Once a site's battery or generator reserve is spent, the antenna shuts off and there is no reception in that cell until grid power returns or the operator wheels in a mobile site (a "Cell on Wheels"). Even after 2031, the rule guarantees a minimum of four hours at important sites, not continuous service through a multi-day blackout. People in higher-risk situations (care dependency, medical devices that rely on a mobile link, remote homes) should plan beyond what the network promises.

Town versus mountain: where protection lands first

The duty is national, but it will not arrive everywhere at the same speed or with the same density.

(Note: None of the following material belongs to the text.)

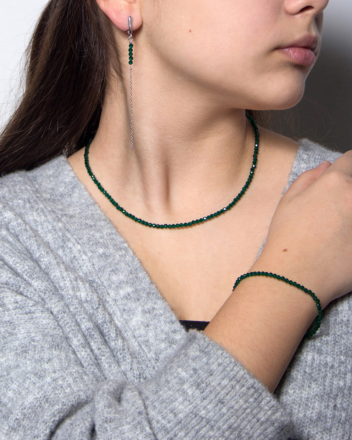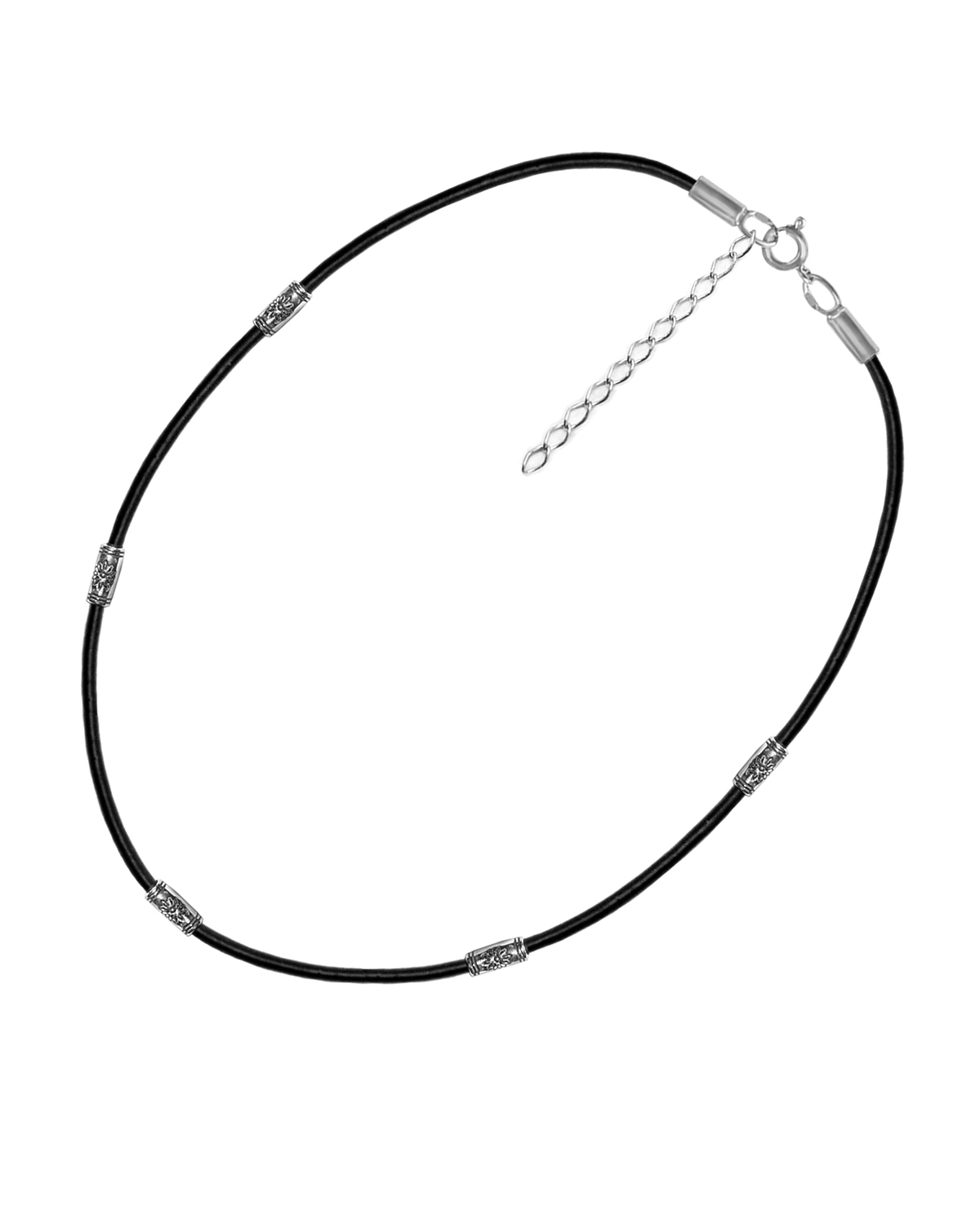 Фабрика Ф Колье шнурок из каучука с накладками из серебра

Three things shape how well your area is covered:

  • Antenna density: in cities like Zurich, Geneva, Basel or Bern, several sites sit within a square kilometre, so a neighbour cell can absorb the load if one fails. In rural and alpine areas the density is far lower, and the loss of a single site can leave a whole valley silent.
  • Rollout priority: operators tend to start in agglomerations, where customer numbers and pressure are highest. Peripheral locations follow later.
  • Backhaul topology: many alpine sites hang off line-of-sight microwave links. If an intermediate station fails, the mountain antenna is cut off even if it has its own backup power.

For mountain regions, scattered settlements and side valleys, plan extra: check whether an analogue fixed line still exists as a fallback, agree meeting-point routines with neighbours and family, and consider a battery or crank FM radio.

How to prepare, concretely

Even if operators hit their duty fully from 2031, your own preparation stays the decisive factor — and matters most in the years before then. The Confederation has recommended an emergency reserve through the FOCP and Alertswiss for years; the mobile side is easy to add.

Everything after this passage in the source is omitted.